=== Aim of the task ===
Write out all the data verbatim. Skip images.

[[ Data provided open ]]

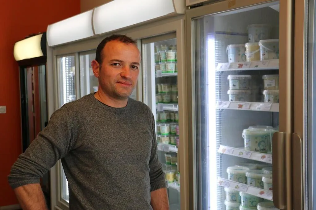 Avec le retour des beaux jours, la turbine à glace tourne à plein régime. Les crèmes glacées et les sorbets qui en sortent régaleront bientôt les gourmands. La scène ne se passe pas dans l’arrière-boutique d’un glacier, mais dans le laboratoire attenant à l’épicerie Au pré de ma ferme, en plein cœur du bourg de Briouze, dans l’Orne.
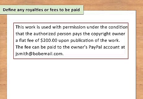 Define any royalties or fees to be paid. If you expect royalties or a flat fee to be paid, include that in your release. You'll need to specify when your fee will need to be paid and how much, as well as how the person can pay you. Royalties are generally a percentage of the profit made on the work, to be paid at a later date. For example, you could write, "This work is used with permission under the condition that the authorized person pays the copyright owner a flat fee of $200.00 upon publication of the work. The fee can be paid to the owner's PayPal account at [email protected]."
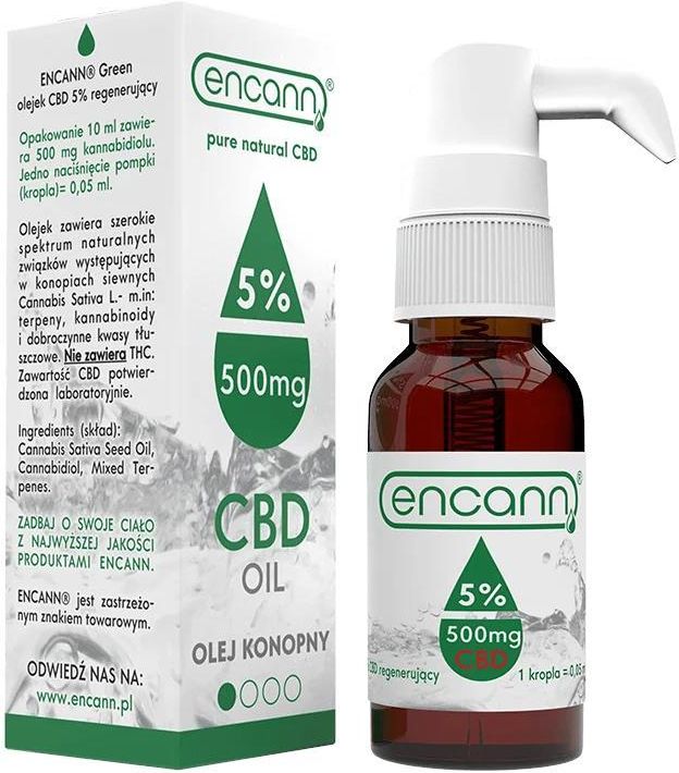 Najniżej stężony olej Encann. Opakowanie 30 ml zawiera 1500 mg kannabidiolu. Jedno naciśnięcie pompki dozuje kroplę o wielkości 0,05 ml w której znajduje się około 2,5 mg CBD. Łączna ilość kropel w zestawie 30 ml jest równa 600. Olejek zawiera szerokie spektrum naturalnych związków występujących w konopiach siewnych Cannabis Sativa L.- m. in. terpeny, kannabinoidy i dobroczynne kwasy tłuszczowe. Nie zawiera THC. Zawartość CBD potwierdzona laboratoryjnie. Stosowanie: Odpowiednią ilość produktu nanosić miejscowo 1-2 dziennie na błony śluzowe jamy ustnej. Stosować w zależności od potrzeb. Stosować maksymalnie dwa razy dziennie, nie więcej niż 0,5 g produktu na dzień. Wszystkie składniki użyte do produkcji oleju mają w pełni naturalne pochodzenie, natomiast każda partia przebadana na etapie produkcji. Produkty ENCANN zapakowane są w butelki z ciemnego szkła, które nie reaguje z olejem w środku. Za pomocą wygodnego dozownika możesz dokładnie odmierzać ilość kropel. Zalecamy przechowywanie oleju ENCANN w chłodnym i zaciemnionym miejscu lub w lodówce. Na pudełku znajdują Państwo informacje w języku polskim oraz angielskim. Składnikami olejku Encann® Green 5% CBD regenerujący są wyłącznie produkty pochodzenia naturalnego. Tłoczony na zimno olej z nasion konopi, kannabinoidy pochodzący z rośliny Cannabis Sativa L. potocznie nazywaną konopią siewną oraz terpeny konopne, które nadają naszym produktom niespotykany dotąd efekt synergii. Ingredients: Cannabis Sativa Seed Oil, Cannabidiol, Mixed Terpenes. Olejek wyprodukowano w zakładzie spełniającym normy ISO 9001, Hazard analysis and critical control points (HAACP) oraz Good Manufacturing Practice (GMP). Składniki, które zostały użyte w naszym olejku to w 100% produkty pochodzenia naturalnego przetworzone w warunkach rygorystycznej i surowej kontroli.
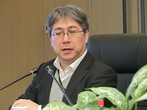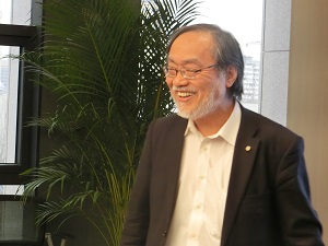 会合では初めに大野木昇司 日中環境協力支援センター有限会社取締役社長にご講演をしていただき、その後、福田教授に新棟6号館にできたロボットセンターのご紹介をしていただきました。大野木社長からは中国の環境政策と環境改善の状況について、福田教授からはご自身のロボット研究と北京理工大学ロボットセンターについてお話いただきました。
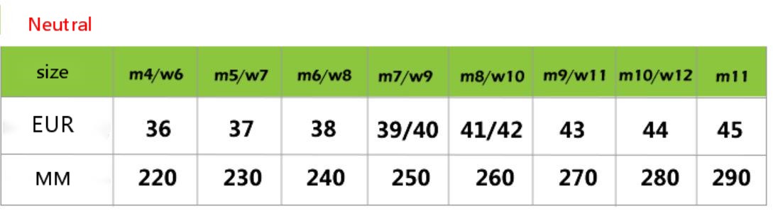 Size: M4W6=35/36, M5W7=37/38, M6W8=38/39, M7W9=39/40, M8W10=41/42, M9W11=42/43, M10W12=43/44, M11W13=45/46
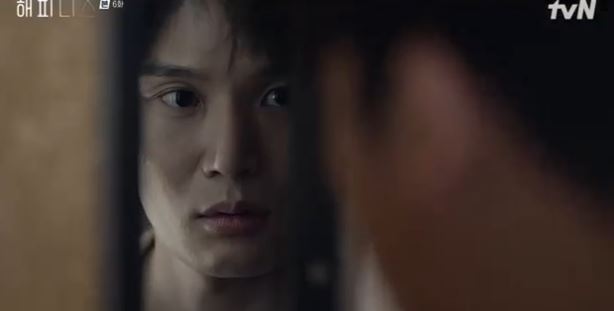 Meanwhile, Oh is in the shower screaming as he is splashing water on his already clean face. He checks if his eyes are white and goes outside after seeing that he is normal.

[[ Data provided closed ]]

=== Exercise solution ===
 Avec le retour des beaux jours, la turbine à glace tourne à plein régime. Les crèmes glacées et les sorbets qui en sortent régaleront bientôt les gourmands. La scène ne se passe pas dans l’arrière-boutique d’un glacier, mais dans le laboratoire attenant à l’épicerie Au pré de ma ferme, en plein cœur du bourg de Briouze, dans l’Orne.
 Define any royalties or fees to be paid. If you expect royalties or a flat fee to be paid, include that in your release. You'll need to specify when your fee will need to be paid and how much, as well as how the person can pay you. Royalties are generally a percentage of the profit made on the work, to be paid at a later date. For example, you could write, "This work is used with permission under the condition that the authorized person pays the copyright owner a flat fee of $200.00 upon publication of the work. The fee can be paid to the owner's PayPal account at [email protected]."
 Najniżej stężony olej Encann. Opakowanie 30 ml zawiera 1500 mg kannabidiolu. Jedno naciśnięcie pompki dozuje kroplę o wielkości 0,05 ml w której znajduje się około 2,5 mg CBD. Łączna ilość kropel w zestawie 30 ml jest równa 600. Olejek zawiera szerokie spektrum naturalnych związków występujących w konopiach siewnych Cannabis Sativa L.- m. in. terpeny, kannabinoidy i dobroczynne kwasy tłuszczowe. Nie zawiera THC. Zawartość CBD potwierdzona laboratoryjnie. Stosowanie: Odpowiednią ilość produktu nanosić miejscowo 1-2 dziennie na błony śluzowe jamy ustnej. Stosować w zależności od potrzeb. Stosować maksymalnie dwa razy dziennie, nie więcej niż 0,5 g produktu na dzień. Wszystkie składniki użyte do produkcji oleju mają w pełni naturalne pochodzenie, natomiast każda partia przebadana na etapie produkcji. Produkty ENCANN zapakowane są w butelki z ciemnego szkła, które nie reaguje z olejem w środku. Za pomocą wygodnego dozownika możesz dokładnie odmierzać ilość kropel. Zalecamy przechowywanie oleju ENCANN w chłodnym i zaciemnionym miejscu lub w lodówce. Na pudełku znajdują Państwo informacje w języku polskim oraz angielskim. Składnikami olejku Encann® Green 5% CBD regenerujący są wyłącznie produkty pochodzenia naturalnego. Tłoczony na zimno olej z nasion konopi, kannabinoidy pochodzący z rośliny Cannabis Sativa L. potocznie nazywaną konopią siewną oraz terpeny konopne, które nadają naszym produktom niespotykany dotąd efekt synergii. Ingredients: Cannabis Sativa Seed Oil, Cannabidiol, Mixed Terpenes. Olejek wyprodukowano w zakładzie spełniającym normy ISO 9001, Hazard analysis and critical control points (HAACP) oraz Good Manufacturing Practice (GMP). Składniki, które zostały użyte w naszym olejku to w 100% produkty pochodzenia naturalnego przetworzone w warunkach rygorystycznej i surowej kontroli.
 会合では初めに大野木昇司 日中環境協力支援センター有限会社取締役社長にご講演をしていただき、その後、福田教授に新棟6号館にできたロボットセンターのご紹介をしていただきました。大野木社長からは中国の環境政策と環境改善の状況について、福田教授からはご自身のロボット研究と北京理工大学ロボットセンターについてお話いただきました。
 Size: M4W6=35/36, M5W7=37/38, M6W8=38/39, M7W9=39/40, M8W10=41/42, M9W11=42/43, M10W12=43/44, M11W13=45/46
 Meanwhile, Oh is in the shower screaming as he is splashing water on his already clean face. He checks if his eyes are white and goes outside after seeing that he is normal.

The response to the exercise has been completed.